L'Orangerie, qui abrite les grandes décorations des Nymphéas — cette « Sixtine de l'impressionnisme » selon André Masson en 1952 —, était le lieu naturel de ce projet. L'ensemble, conçu comme un environnement, couronne l'ultime période de Monet. Le parcours suit trois temps : l'accélération du monde et la modernité de la période impressionniste, la saisie de l'instant par les séries, puis les Nymphéas et la tentative de peindre la durée. Monet répond ainsi aux bouleversements que son siècle impose à la perception du temps — vécu, ressenti, mais aussi visible dans la transformation des villes et des paysages. Le XIXe siècle multiplie les horloges dans l'espace public, synchronise l'heure, invente le chemin de fer ; la peinture impressionniste de Monet se veut, en écho, de plus en plus instantanée.
 

Passées les expositions impressionnistes, il explore les effets de la lumière sur un même motif à différentes heures.
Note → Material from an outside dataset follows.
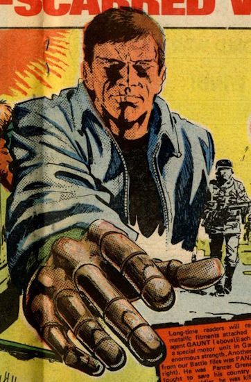 History: Gaunt was a British operative during the Second World War, working for the SOE. Like all members of the SOE his job was to work behind enemy lines, without much communication with his superiors, carrying out acts of sabotage. Captured at the start of the war, he was tortured by Colonel Bluthal, the "Paris Butcher", who mutilated his right hand. Returned to England (by the simple method of dropping him out a plane), Gaunt slowly recovered in hospital. To replace his now useless hand, he designed for himself a metal hand. No longer wanted by his former employers, Gaunt set about getting revenge. Eventually succeeding, the SOE changed their mind, and Gaunt continued to battle the Nazis on behalf of his country.

C'est en Normandie qu'il développe ses grandes séries : Meules (1888-1891), Peupliers au bord de l'Epte (1891-1892), Matinées sur la Seine (1896-1897), Cathédrale de Rouen (1892-1898). Il y pousse la logique de l'instant jusqu'à fragmenter le temps pour en saisir l'essence. En 1895, les Cathédrales exposées chez Durand-Ruel sont pour Clemenceau « une révolution sans coup de fusil » (La Justice). Monet rejoint ainsi la fascination de son époque pour l'observation minutieuse, presque scientifique, du monde.
 

Dans les années 1890 s'ouvre le dernier cycle, celui des Nymphéas, qui l'occupera jusqu'en 1926 : plus de deux cent cinquante toiles sur un seul sujet, couronnées par les deux salles construites pour les grands panneaux offerts à la France au lendemain de l'armistice de 1918 et inaugurés en 1927, un an après sa mort. Tout y concourt à envelopper le spectateur dans l'œuvre, au plus près de la durée au sens de Bergson.
 

Commissariat : Cécile Girardeau, conservatrice en chef, et Sophie Eloy, attachée de collection, musée de l'Orangerie.
 

Exposition organisée par le musée de l'Orangerie et la Tate Modern, avec le soutien exceptionnel du musée Marmottan Monet et de l'Académie des beaux-arts. Elle sera présentée à la Tate Modern, Londres, du 25 février au 27 juin 2027.
 

Ouvert tous les jours de 9h à 18h, sauf le mardi. Nocturnes exceptionnelles le vendredi de 18h à 21h pendant l'exposition.